* **Activity**
Output only the lines below that start at the line containing "-Including 1 High" and end at the line containing "This paper investigates", with both ends kept.

===== Data for processing =====

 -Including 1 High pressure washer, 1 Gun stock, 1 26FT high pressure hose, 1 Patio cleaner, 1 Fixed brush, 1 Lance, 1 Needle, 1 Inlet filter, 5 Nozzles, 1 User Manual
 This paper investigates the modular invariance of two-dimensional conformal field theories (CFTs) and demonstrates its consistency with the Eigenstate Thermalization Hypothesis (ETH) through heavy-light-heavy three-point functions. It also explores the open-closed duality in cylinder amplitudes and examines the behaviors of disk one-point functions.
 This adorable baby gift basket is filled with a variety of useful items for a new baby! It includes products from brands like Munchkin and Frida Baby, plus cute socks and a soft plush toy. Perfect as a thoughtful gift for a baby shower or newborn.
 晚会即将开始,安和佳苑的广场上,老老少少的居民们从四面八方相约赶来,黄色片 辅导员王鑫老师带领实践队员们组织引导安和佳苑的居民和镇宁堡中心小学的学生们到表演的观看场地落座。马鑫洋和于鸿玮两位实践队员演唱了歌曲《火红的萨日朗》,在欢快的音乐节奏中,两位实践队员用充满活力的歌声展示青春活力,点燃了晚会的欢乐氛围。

=====
===== Data for processing =====

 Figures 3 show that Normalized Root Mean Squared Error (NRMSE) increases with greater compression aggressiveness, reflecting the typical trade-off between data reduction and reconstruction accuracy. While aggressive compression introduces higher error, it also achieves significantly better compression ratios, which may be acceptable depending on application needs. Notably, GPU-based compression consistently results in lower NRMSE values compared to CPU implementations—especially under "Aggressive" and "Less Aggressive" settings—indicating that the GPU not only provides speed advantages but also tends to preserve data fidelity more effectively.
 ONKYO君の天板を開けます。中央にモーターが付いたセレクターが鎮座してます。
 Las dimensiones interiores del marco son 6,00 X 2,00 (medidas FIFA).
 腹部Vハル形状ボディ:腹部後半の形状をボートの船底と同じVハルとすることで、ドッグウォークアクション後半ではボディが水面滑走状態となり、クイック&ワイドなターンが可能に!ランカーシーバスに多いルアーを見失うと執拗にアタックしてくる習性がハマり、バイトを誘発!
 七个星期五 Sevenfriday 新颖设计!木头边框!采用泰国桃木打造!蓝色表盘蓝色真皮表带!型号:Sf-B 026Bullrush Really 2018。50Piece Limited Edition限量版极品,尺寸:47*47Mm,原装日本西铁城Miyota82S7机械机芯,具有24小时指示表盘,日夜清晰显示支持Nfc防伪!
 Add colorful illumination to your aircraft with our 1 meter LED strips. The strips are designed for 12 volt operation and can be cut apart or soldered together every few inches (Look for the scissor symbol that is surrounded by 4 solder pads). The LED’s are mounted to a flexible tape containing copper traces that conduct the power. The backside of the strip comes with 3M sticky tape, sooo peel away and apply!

=====
===== Data for processing =====

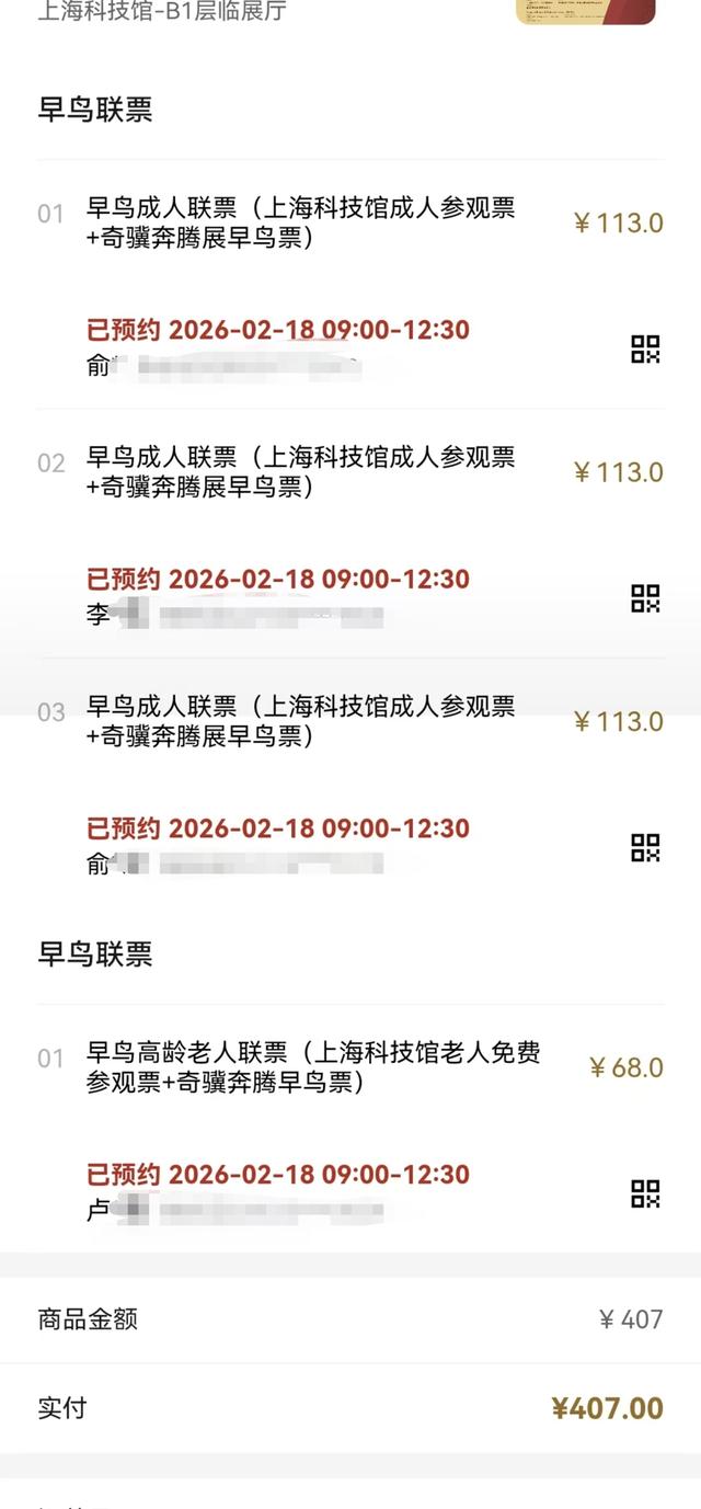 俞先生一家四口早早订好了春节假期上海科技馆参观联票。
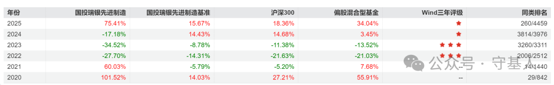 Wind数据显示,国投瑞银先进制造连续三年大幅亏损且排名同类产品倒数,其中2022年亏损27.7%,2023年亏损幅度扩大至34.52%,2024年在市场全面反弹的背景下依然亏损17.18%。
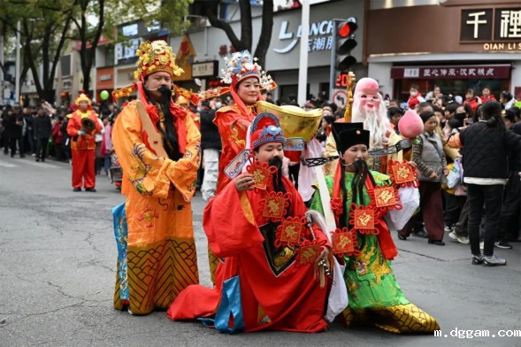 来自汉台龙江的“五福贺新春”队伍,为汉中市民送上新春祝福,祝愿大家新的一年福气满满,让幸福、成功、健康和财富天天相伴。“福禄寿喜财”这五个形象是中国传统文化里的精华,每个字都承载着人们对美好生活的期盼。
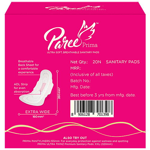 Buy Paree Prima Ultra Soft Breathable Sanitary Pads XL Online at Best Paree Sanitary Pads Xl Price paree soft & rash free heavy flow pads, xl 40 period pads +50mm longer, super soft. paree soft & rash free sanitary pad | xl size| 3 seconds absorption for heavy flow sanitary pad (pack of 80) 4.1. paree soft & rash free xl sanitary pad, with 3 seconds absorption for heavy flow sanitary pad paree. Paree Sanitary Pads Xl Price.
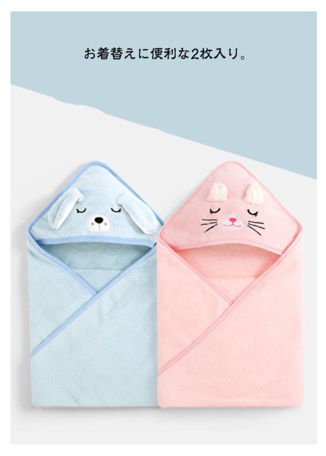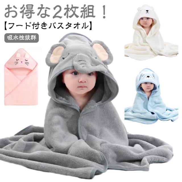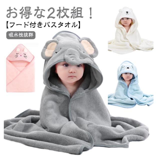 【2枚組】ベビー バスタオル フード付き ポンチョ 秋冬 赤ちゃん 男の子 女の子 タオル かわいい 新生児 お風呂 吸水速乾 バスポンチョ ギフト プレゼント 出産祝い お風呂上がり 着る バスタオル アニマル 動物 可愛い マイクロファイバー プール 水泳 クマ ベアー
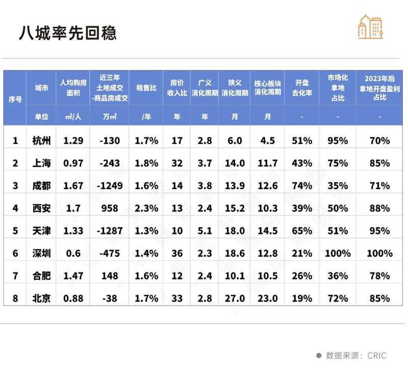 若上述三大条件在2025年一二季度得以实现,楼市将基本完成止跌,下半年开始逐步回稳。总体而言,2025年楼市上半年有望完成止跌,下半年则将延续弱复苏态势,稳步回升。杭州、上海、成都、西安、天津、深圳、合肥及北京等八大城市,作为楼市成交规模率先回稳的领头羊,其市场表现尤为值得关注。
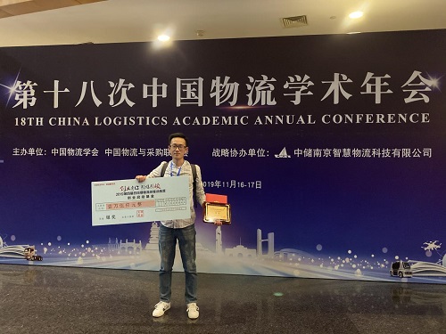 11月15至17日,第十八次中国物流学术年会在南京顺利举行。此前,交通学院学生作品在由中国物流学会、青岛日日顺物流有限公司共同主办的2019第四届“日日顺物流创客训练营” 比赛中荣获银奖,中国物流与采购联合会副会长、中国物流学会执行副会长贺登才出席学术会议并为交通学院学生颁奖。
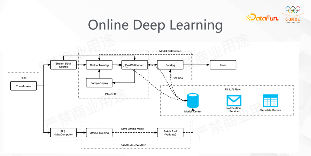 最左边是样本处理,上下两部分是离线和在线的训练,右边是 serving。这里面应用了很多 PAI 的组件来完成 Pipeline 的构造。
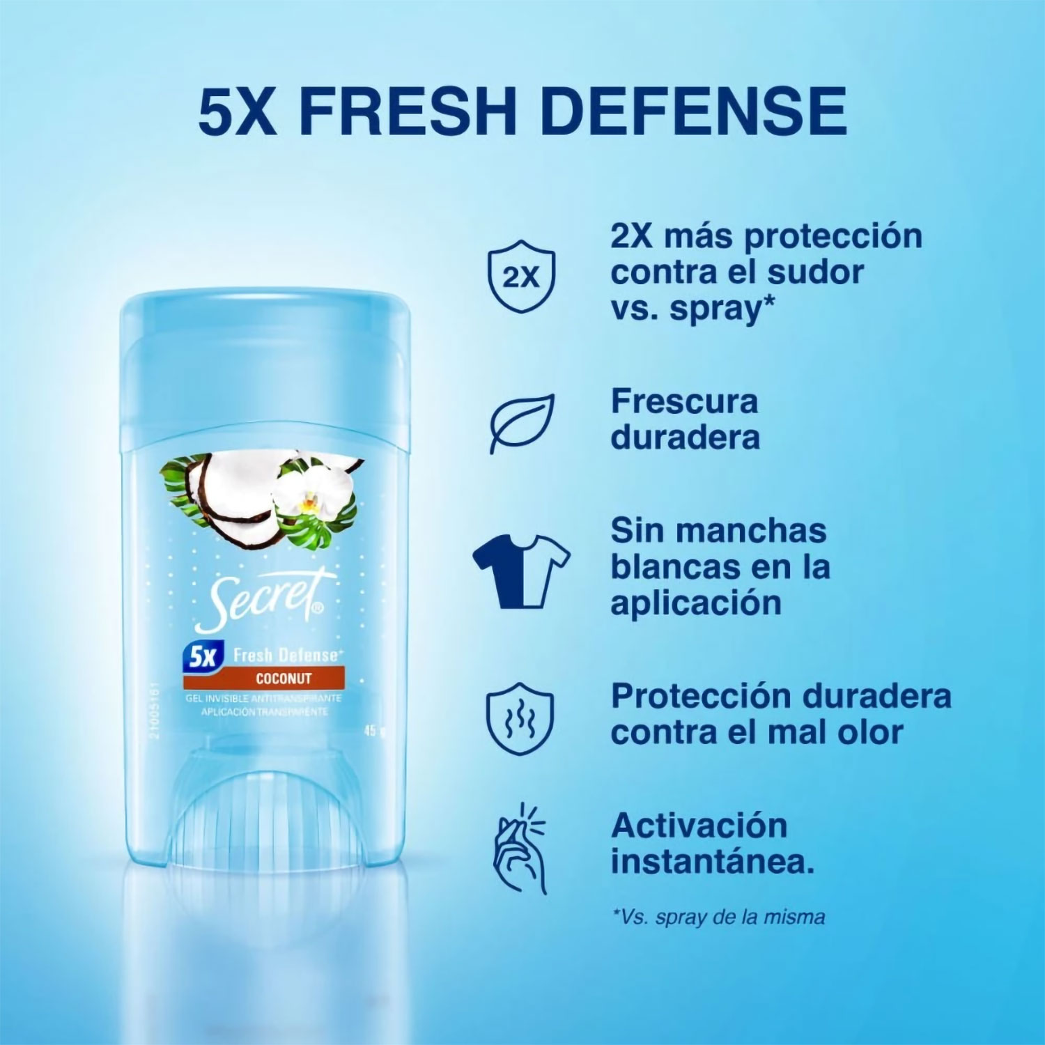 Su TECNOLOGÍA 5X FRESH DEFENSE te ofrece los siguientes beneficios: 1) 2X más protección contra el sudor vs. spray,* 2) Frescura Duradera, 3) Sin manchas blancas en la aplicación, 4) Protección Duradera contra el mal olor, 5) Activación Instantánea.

=====

* **Answer section**
 -Including 1 High pressure washer, 1 Gun stock, 1 26FT high pressure hose, 1 Patio cleaner, 1 Fixed brush, 1 Lance, 1 Needle, 1 Inlet filter, 5 Nozzles, 1 User Manual
 This paper investigates the modular invariance of two-dimensional conformal field theories (CFTs) and demonstrates its consistency with the Eigenstate Thermalization Hypothesis (ETH) through heavy-light-heavy three-point functions. It also explores the open-closed duality in cylinder amplitudes and examines the behaviors of disk one-point functions.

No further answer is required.